As in [2, 5], the \(\alpha \)-partial stabilizer of \(x\in S\), denoted by \(\mathscr {G}_{x}\), is defined to be

$$\begin{aligned} \mathscr {G}_{x}=\{g\in G\mid x\in S_{g^{-1}}\quad \hbox {and}\quad \alpha _g(x)=x\}. \end{aligned}$$

This set has been shown to be a subgroup of G ([5, Proposition 2.5], [2, Corollary 10]). The proof in [5] used the definition of partial group action given by Exel [9] and the authors in [2] presented a proof via globalization, showing that the partial stabilizer coincides with the associated global stabilizer. We record a proof here using the definition of partial group action presented in Sect. 2, as given in [6], without passing through its enveloping action.

Proposition 5.2

The \(\alpha \)-partial stabilizer \(\mathscr {G}_{x}\), for each \(x\in S\), is a subgroup of G.

Proof

Clearly, \(1\in \mathscr {G}_{x}\). Let \(g, h\in \mathscr {G}_{x}\). Then \(x\in S_{g^{-1}}\cap S_{h^{-1}}\) and \(\alpha _g(x)=x=\alpha _h(x)\). Hence \(x\in S_{g^{-1}}\cap S_g\cap S_{h^{-1}}\cap S_h\) and \(\alpha _{h^{-1}}(x)=x\). In particular, \(h^{-1}\in \mathscr {G}_{x}\). Furthermore, x belongs to \(S_{(gh)^{-1}}\) by condition (P2). Now by condition (P3), we then have \(\alpha _{gh}(x)=\alpha _{g}(\alpha _{h}(x))=x\), so \(gh\in \mathscr {G}_{x}\). \(\square \)

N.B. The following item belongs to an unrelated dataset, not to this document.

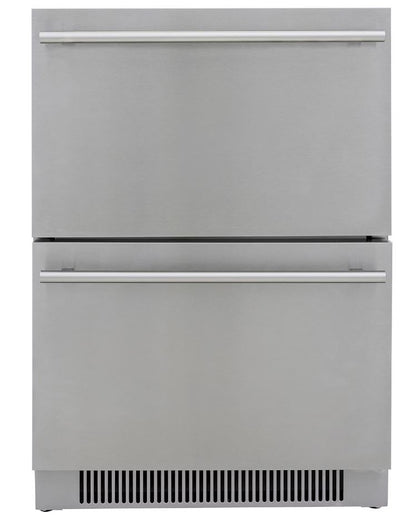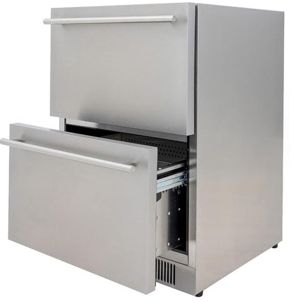The Blaze 5.1 Outdoor Rated Double Drawer Refrigerator is the ideal space saving solution for outdoor kitchens built into your island. With 5.1 cubic feet of space, this refrigerator has ample room and can hold up to 154 cans! The double drawers include adjustable and removable drawer dividers, letting you customize the interior. This refrigerator also includes high-quality soft-close drawers! The 304 Stainless Steel design pairs well with all of your other outdoor kitchen products, and includes a digital thermostat and temperature display. The Blaze Double Drawer Refrigerator also includes interior LED lighting for entertaining at night.

The following result is a generalization of the latter statement of [5, Proposition 2.5].

Proposition 5.3

If \(y\in \mathscr {O}_x\), then \(\mathscr {G}_{y}\) and \(\mathscr {G}_{x}\) are conjugate. More specifically, if \(y=\alpha _g (x)\) for some \(g\in G\) such that \(x\in S_{g^{-1}}\), then \(\mathscr {G}_{y}=g\mathscr {G}_{x}g^{-1}\).

Proof

Suppose \(y=\alpha _g (x)\) for some \(g\in G\) such that \(x\in S_{g^{-1}}\). Let \(h\in \mathscr {G}_{x}\). Then \(x\in S_{h^{-1}}\) and \(\alpha _h(x)=x\); hence \(x\in S_h\) and \(\alpha _{h^{-1}}(x)=x\). In particular, \(x\in S_{h^{-1}}\cap S_{g^{-1}}\cap S_{(gh)^{-1}}\) and \(y\in S_g\cap S_{gh^{-1}g^{-1}}\). Hence \(\alpha _{ghg^{-1}}(y)=\alpha _{gh}\circ \alpha _{g^{-1}}(y)=\alpha _{gh}(x)=\alpha _{g}\circ \alpha _{h}(x)=\alpha _g(x)=y\), so \(ghg^{-1}\in \mathscr {G}_{y}\). We have shown that \(g\mathscr {G}_{x}g^{-1}\subseteq \mathscr {G}_{y}\). Since \(x=\alpha _{g^{-1}}(y)\), a similar argument shows that \(g^{-1}\mathscr {G}_{y}g\subseteq \mathscr {G}_{x}\). Therefore, \(\mathscr {G}_{y}=g\mathscr {G}_{x}g^{-1}\). \(\square \)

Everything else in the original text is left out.